The Rekall project also includes an alpha version of a forensic tool, called Rekall Agent, designed around the Google Cloud Platform.
The most important advantages of the Rekall framework are the following ones:
- A repository, which contains profiles for the majority of operating systems
- An opportunity to examine dumps gathered from Windows, Linux, and Mac OS
- An opportunity to automatically detect profiles for Windows operating systems
- An opportunity to gather all the profiles you need for Linux systems manually, using the script, stored on the official GitHub account
However, working with Rekall Forensics can be inconvenient for two reasons:
- You can launch this tool only on Linux and Windows through the command line
- Rekall’s repository can lack profiles for some new operating systems
MemGator
MemGator is a convenient utility function, created by Orion Forensics for analyzing physical memory dumps. This software allows for automated data extraction from a memory file. Also, it provides a feature of reports compiling for an investigation
MemGator creators claim that this software combines the best features of alternative frameworks like Volatility Framework, Scalpel File Carver, and AESKeyFinder. Basically, this utility function is the analog of Volatility, but with a graphic interfac
Just like Redline, MemGator only works with Windows systems and doesn’t require gathering profiles for different operating systems.
MemGator has lots of advantages:
- Automated data extraction from memory files and creates reports for investigators
- Automated execution of almost all the commands from the Volatility Framework
- Automatic selection of the right OS profile for all the Volatility commands
- Opportunity for users to manually pick the OS profile, if they wish not to let the tool do it automatically
- Opportunity to create reports in HTML
- Automated running of Scalpel, including carving for usernames and passwords for email and social media accounts, such as Gmail, Yahoo, and Facebook, and auto-filling form entries for the Chrome browser
However, the tool has several significant downsides:
- No updates in a long time
- No support for new Windows operating systems such as Windows 10 x86 and x64
- No support for other operating systems, except for Windows
Parsing tools comparative analysis
First of all, we should say that all of the utility functions, mentioned in this article, managed to analyze RAM dumps, gathered on Windows 7 x64 operating system.

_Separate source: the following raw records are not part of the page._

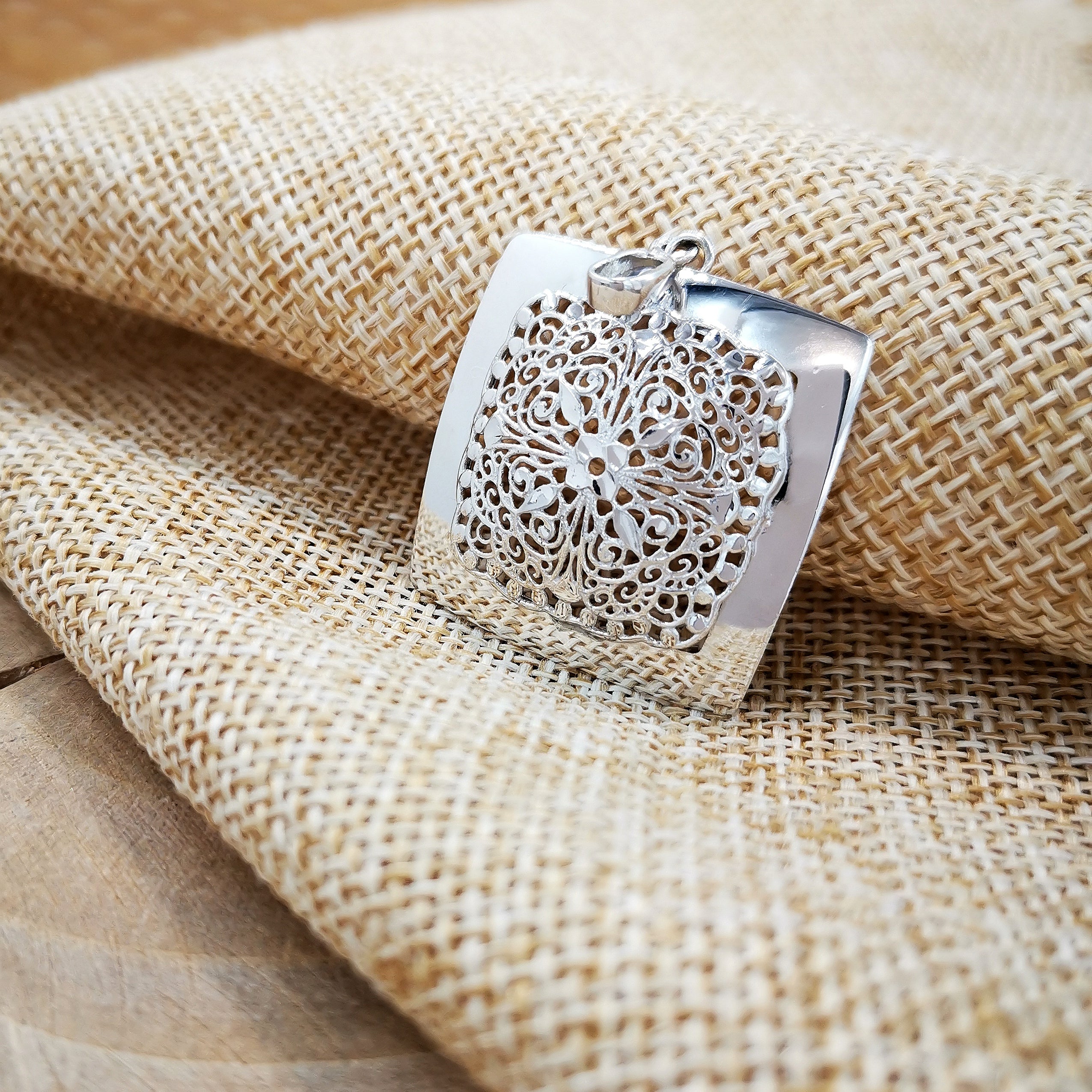 Złota zawieszka prostokątna z motywem greckim i cyrkoniami
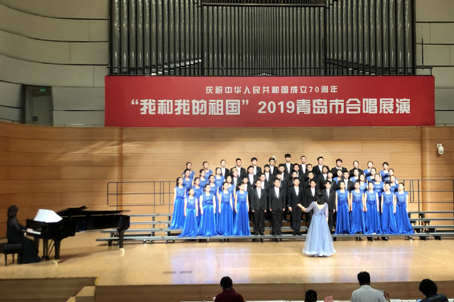 本网讯(团委 吴春雷)9月26日至29日,“我和我的祖国”2019青岛市合唱展演在青岛大剧院举行。学院合唱团与岛城13所高校合唱团同台竞技,为祖国唱响赞歌,获得一致好评。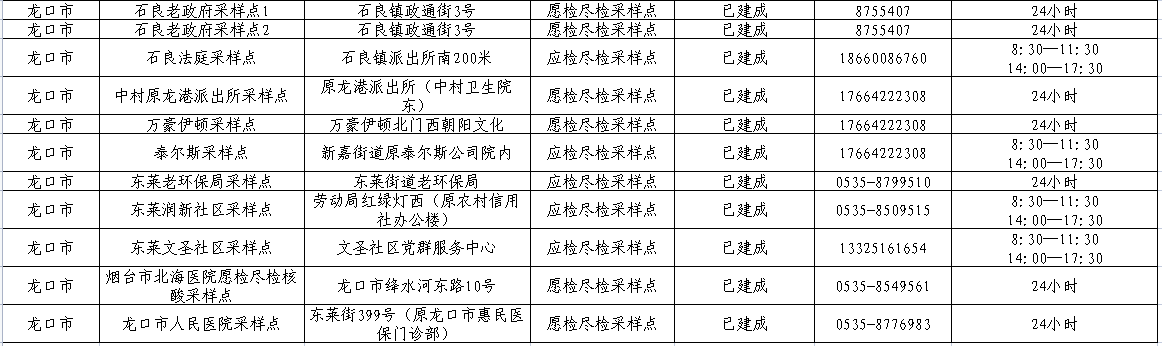 龙口市核酸检测常设采样点明细表
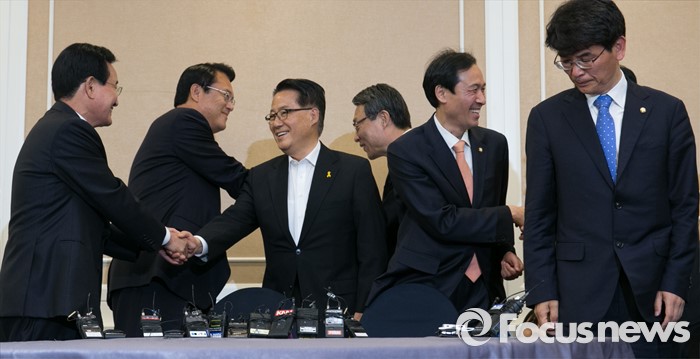 (서울=포커스뉴스) 11일 오후 서울 여의도 국회 귀빈식당에서 열린 3당 원내지도부 회동에 참석한 의원들이 인사하고 있다. 왼쪽부터 변재일 더불어민주당 정책위의장, 정진석 새누리당 원내대표, 박지원 국민의당 원내대표, 김성식 정책위의장, 우상호 더불어민주당 원내대표, 박완주 원내수석부대표.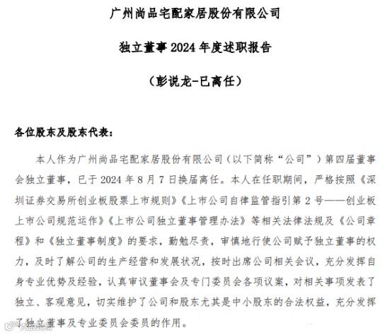 4、尚品宅配:副总裁欧阳熙及独立董事彭说龙离任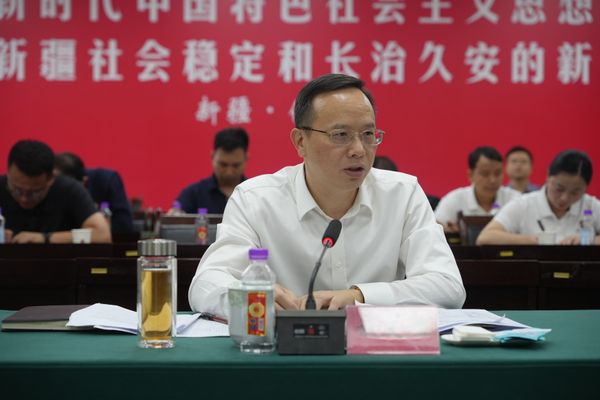 张成文对谈文胜一行的到来表示热烈欢迎,他高度肯定湘伊地质合作的深厚基础与丰硕成果。他表示,湖南地质系统长期以来在人才要素保障、地质技术支撑等方面为伊犁州自然资源工作提供了强有力支持,双方情谊深厚、合作紧密。期待以此次基地揭牌为契机,进一步深化战略协同,在项目谋划、人才交流、科技创新等领域开展更深层次、更宽领域的合作,共同做深做实地质援疆文章,以高水平地质服务为伊犁州守护生态安全、保障资源供给、推动产业升级注入新动能。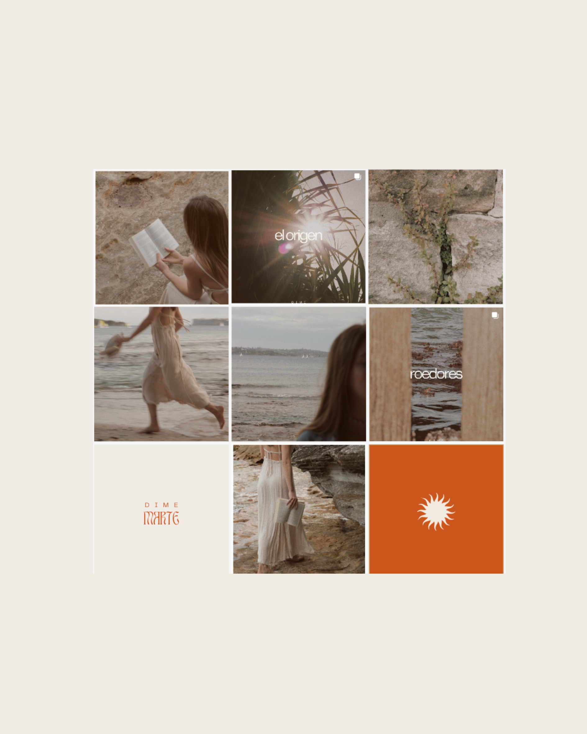Con Sofi diseñamos juntas su marca desde cero. Tres palabras que representan Dime Marte: intensidad, sentir y despliegue. Resultado > Una identidad lúdica y poderosa anclada a la energia de Sofi y su forma de escribir. Fotos en movimiento, expresivas que narran sus historias.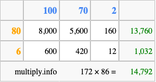 That's all there is to it! As you can see from the box above, the answer to 172 times 86 using the box method is 14,792.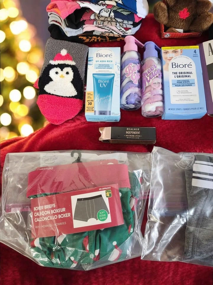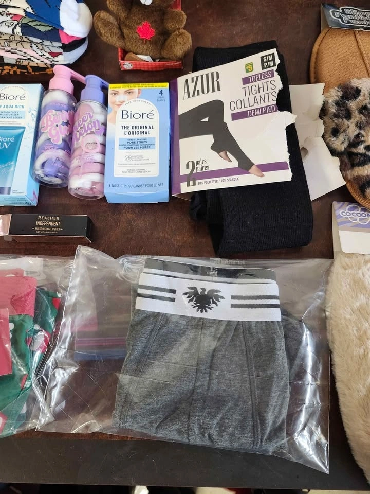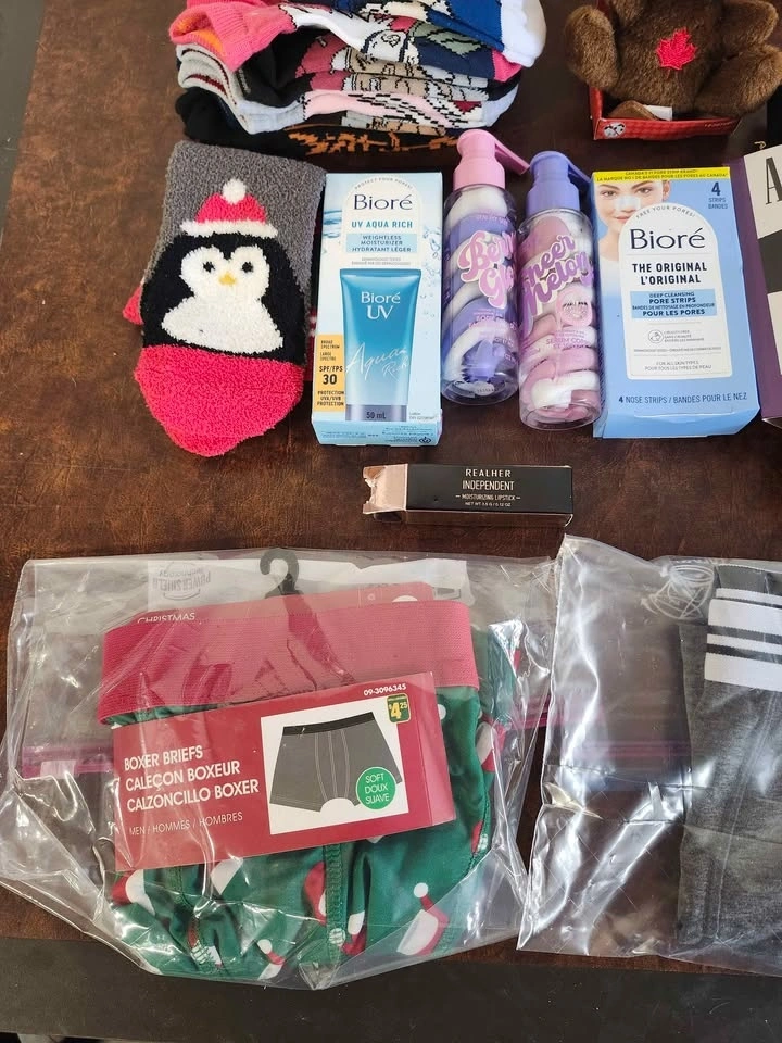 Socks and Slippers: Various pairs of socks, some with Christmas themes like a penguin, and a pair of leopard print fuzzy slippers and plain beige slippers are visible.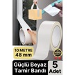 5 Adet Ekstra Güçlü Dayanıklı Su Geçirmez Sızdırmaz Yalıtım İzolasyon Beyaz Tamir Bandı 10 Mt 48 Mm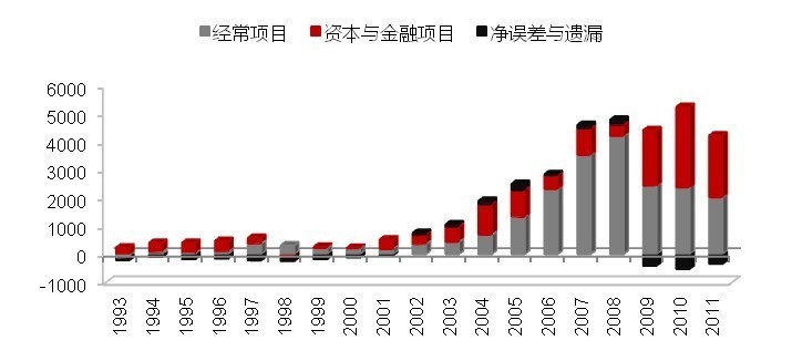 ????由于MPK的加速衰退,使得進入2012年后,中國已經連續兩個季度錄得顯著的資本項目逆差。而在過去20年中,中國僅有1998年年度錄得資本項小額逆差(-67億美元),其他時間都保持著雙順差。

Now, let’s create a table for a convenient and straightforward comparison of free parsing tools we have examined.
| Name | Has an interface | Can analyze dumps for Linux, Mac OS | An opportunity to gather profiles for new OS manually |
| Volatility | – | + | + |
| Redline | + | – | – |
| Rekall Forensics | – | + | + |
| MemGator | + | – | – |
As you can see, Redline and MemGator have interfaces, which is a crucial advantage, as it simplifies the working process. Unfortunately, they can only analyze dumps for Windows and don’t allow users to gather profiles for the new operating system manually.
Volatility and Rekall Forensics, on the contrary, can be used for all three operating systems most users are interested in Windows, Linux, and Mac OS. Although these tools don’t have graphic interfaces, they provide users with the opportunity to gather profiles for the new operating system manually.
Conclusion
To sum up, all the described free memory analysis tools for RAM dumps parsing like Volatility, Redline, Rekall Forensics, and MemGator decently cope with their physical memory analysis.
Surely, paid software such as WindowsSCOPE Cyber Forensics and PlainSight usually has a graphic interface that simplifies the memory dump analysis and offers features for Windows forensic analysis. Not to mention, these tools support new versions of various operating systems and provide immediate updates for better performance.
Obviously, the paid utility functions for physical memory dump parsing is more of an option for those who regularly need to analyze RAM dumps. The reason is that such tools can analyze data from new operating systems.